We used as benchmarks 1228 publications from
13 years of ACM SIGGRAPH conferences (2002-
2014). Corpuses are organised by year, which
introduces a time factor as it is strongly related to
topics, and we use this natural corpus as our logic
corpus.
The raw resource of a Citation is a PDF file. These
citations are semi-structured, and they follow a
certain template – in this case, the ACM format. We
use text mining to extract META data for each
citation by identifying basic information.
For a Reference in the reference list of a Citation,
we extract the title, year and authors as its identity.
There are two possibilities: this reference is either a
citation that already exists in the system, or it is not a
SIGGRAPH publication. At this stage, we assume
SIGGRAPH represents a history of topics in CG.
Based on this assumption, and in order to simplify the
problem, only references that can be matched to
citations in our system are considered. The other
references are stored, but not processed.
Although the keyword list section in a paper
represents the author’s point of view, it cannot reflect
important information in most cases. Authors may
use different phrases to represent the same concept,
such as “3D”/“three dimensional”, “level of detail”/
“LOD”, and so on. To resolve this problem, an
ontology is introduced. An ontology is a formal,
explicit specification of a shared conceptualization
(Gruber 1993; Borst 1997).
Due to the complexity of data, we employed four
type of data store (a semantic repository, an index and
search repository, a document repository, and a graph
repository) for efficient data management and
information retrieval. We take full advantage of their
features and strengths. Utilizing these repositories in
combination can effectively store and index data with
reliability and efficiency to supply meaningful
information in support of scientific research.
3.1 Semantic Repository
The standard keyword list we used as shared concept
is fetched from the MAS API, It supplies a keyword
function representing keyword objects in many fields.
For the “computer” area, it covers “computer
graphics”, ”computer vision”, “machine learning”,
“artificial intelligence” etc.- 24 fields in total. We
target our research in the “computer graphics” field,
where we collected 13670 keywords.
Each CG keyword in CG field was described as
an ontology graph model with nodes and edges. A
keyword is an RDF (Resource Description
Framework) with “rdf:type” of CG. It has synonyms
described by the “owl:sameAs” predicate. The
outcome of this work is that each keyword in a
citation can be mapped to a node with type of CG in
the semantic repository. We chose Sesame (Fensel
etc, 2005) as our RDF repository as it supplies API
for creating, parsing, storing, inferencing and
querying. It can also be connected to the Semantic
annotation tool GATE which we used for extracting
the META data. From the “GATE ontology,
Gazzetter producer” output, we can calculate the
frequency of each keyword.
3.2 Document Repository
The document repository (CouchDB) is designed for
web application, and files can be treated as
attachments of a document. By passing a document
id, attachments of a document can be accessed easily.

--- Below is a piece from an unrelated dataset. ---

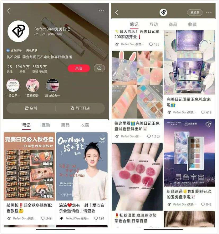 2018年,完美日记开始在小红书、抖音等内容平台走红。依靠大量生产优质内容KOL的分享和推荐,完美日记在小红书迅速树立了自己的品牌形象:高性价比、漂亮设计、强推广力及快速上新,收获了大量粉丝。这种效应外溢到电商平台后,带动了完美日记销售额的增长。

Since CouchDB treats each record as a document
without considering its properties, a database can
Management of Scientific Documents and Visualization of Citation Relationships using Weighted Key Scientific Terms
137
contain a large number of documents. A property,
docType is used to distinguish document types from
corpus, citation, keyword frequency and doc
references. Each of the documents in the database was
set a docType value. It plays the role of a table in
relational databases that holds a structured format
with collection of related data. For documents, a
virtual table of data structures is created for this
schema-less repository.
Some benefits from CouchDB are:
A design document “View”. As in any relational
database, documents can be sorted by the key of a
view. Furthermore, values emitted from the view
can not only be fetched from data stored in the
database directly but can also be calculated from
functions written in Javascript.
A type of function in design documents with the
property name validate_doc_update. Each
document has to be valid through all this kind of
functions defined in a database when creating or
updating. Consequently, data structure of
documents in this schema-less database will meet
our expectation.
The Reduce function reduces the list to a single
value. It is useful for data aggregation to create a
summary of a data group.
3.3 Graph Repository
Figure 1: Relations of citing and cited citations.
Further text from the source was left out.